* Brief
With the images excluded, set down every line of the listing below exactly.

* Information supplied
>>>>>
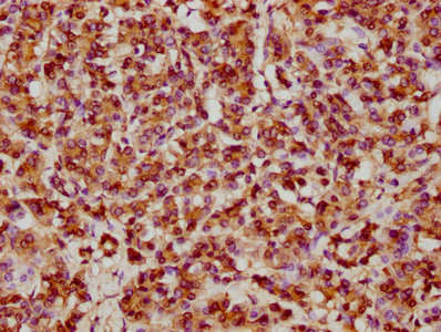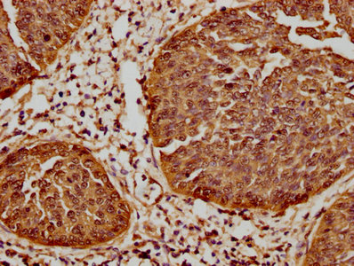 IHC image of CSB-RA010833A0HU diluted at 1:61.9 and staining in paraffin-embedded human cervical cancer performed on a Leica BondTM system. After dewaxing and hydration, antigen retrieval was mediated by high pressure in a citrate buffer (pH 6.0). Section was blocked with 10% normal goat serum 30min at RT. Then primary antibody (1% BSA) was incubated at 4℃ overnight. The primary is detected by a biotinylated secondary antibody and visualized using an HRP conjugated SP system.
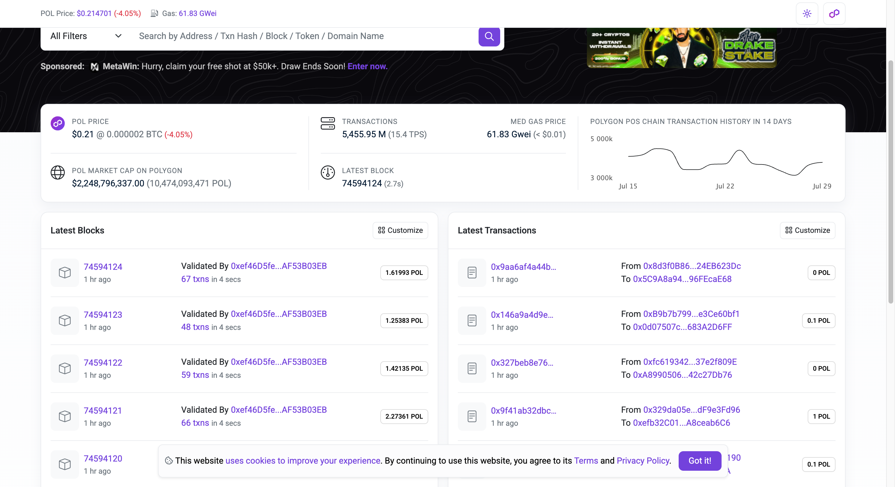 吴说获悉,Polygon 区块浏览器显示最新出块记录为 1 小时前。Polygon Labs 的人员在 DC 中表示,Polygonscan 正在更新数据,链本身没有宕机,只是部分 RPC 服务提供商需要更新补丁。
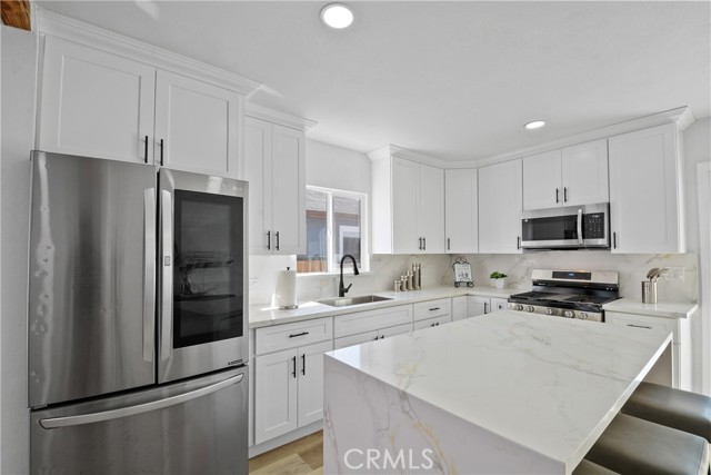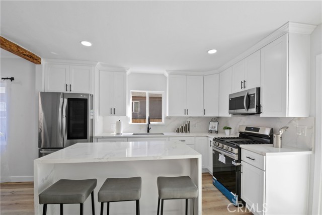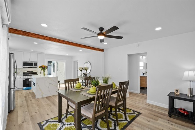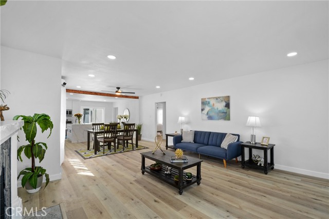 Welcome to this beautifully remodeled 3-bedroom, 2-bathroom home offering 1,310 sq ft of modern living space on a generous 5,400 sq ft lot. From the moment you arrive, you’ll be impressed by the inviting curb appeal, fresh exterior paint, and newly landscaped front yard. Step inside to an open-concept floor plan filled with natural light, featuring new laminated wood flooring throughout and a spacious living area perfect for relaxing or entertaining. The stunning kitchen has been fully upgraded with new cabinetry, quartz countertops, and stainless steel appliances, complemented by a large center island that flows seamlessly into the dining area. Both bathrooms have been tastefully remodeled with contemporary finishes, creating a clean and modern feel. The bedrooms are well-sized, offering comfort and functionality for any lifestyle. Enjoy the expansive backyard, complete with new landscaping and a large patio area—ideal for outdoor gatherings, entertaining, or future possibilities such as adding an ADU. The long driveway provides ample parking and flexibility. This turnkey home is a perfect opportunity for first-time buyers or investors looking for a move-in ready property with style, space, and potential.
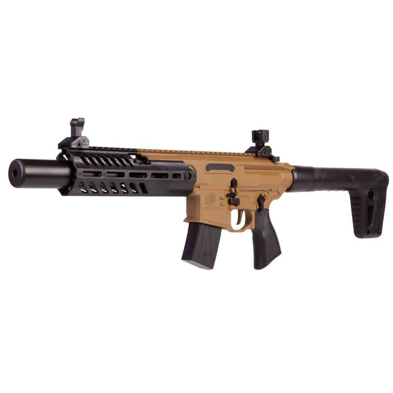 Baseado nos designs inovadores do SIG MCX Rattler Canebrake, este modelo CO2 com miras rebatíveis e carregador de 30 tiros é ideal para treinamento e prática.
<<<<<
* Answer section
 IHC image of CSB-RA010833A0HU diluted at 1:61.9 and staining in paraffin-embedded human cervical cancer performed on a Leica BondTM system. After dewaxing and hydration, antigen retrieval was mediated by high pressure in a citrate buffer (pH 6.0). Section was blocked with 10% normal goat serum 30min at RT. Then primary antibody (1% BSA) was incubated at 4℃ overnight. The primary is detected by a biotinylated secondary antibody and visualized using an HRP conjugated SP system.
 吴说获悉,Polygon 区块浏览器显示最新出块记录为 1 小时前。Polygon Labs 的人员在 DC 中表示,Polygonscan 正在更新数据,链本身没有宕机,只是部分 RPC 服务提供商需要更新补丁。
 Welcome to this beautifully remodeled 3-bedroom, 2-bathroom home offering 1,310 sq ft of modern living space on a generous 5,400 sq ft lot. From the moment you arrive, you’ll be impressed by the inviting curb appeal, fresh exterior paint, and newly landscaped front yard. Step inside to an open-concept floor plan filled with natural light, featuring new laminated wood flooring throughout and a spacious living area perfect for relaxing or entertaining. The stunning kitchen has been fully upgraded with new cabinetry, quartz countertops, and stainless steel appliances, complemented by a large center island that flows seamlessly into the dining area. Both bathrooms have been tastefully remodeled with contemporary finishes, creating a clean and modern feel. The bedrooms are well-sized, offering comfort and functionality for any lifestyle. Enjoy the expansive backyard, complete with new landscaping and a large patio area—ideal for outdoor gatherings, entertaining, or future possibilities such as adding an ADU. The long driveway provides ample parking and flexibility. This turnkey home is a perfect opportunity for first-time buyers or investors looking for a move-in ready property with style, space, and potential.
 Baseado nos designs inovadores do SIG MCX Rattler Canebrake, este modelo CO2 com miras rebatíveis e carregador de 30 tiros é ideal para treinamento e prática.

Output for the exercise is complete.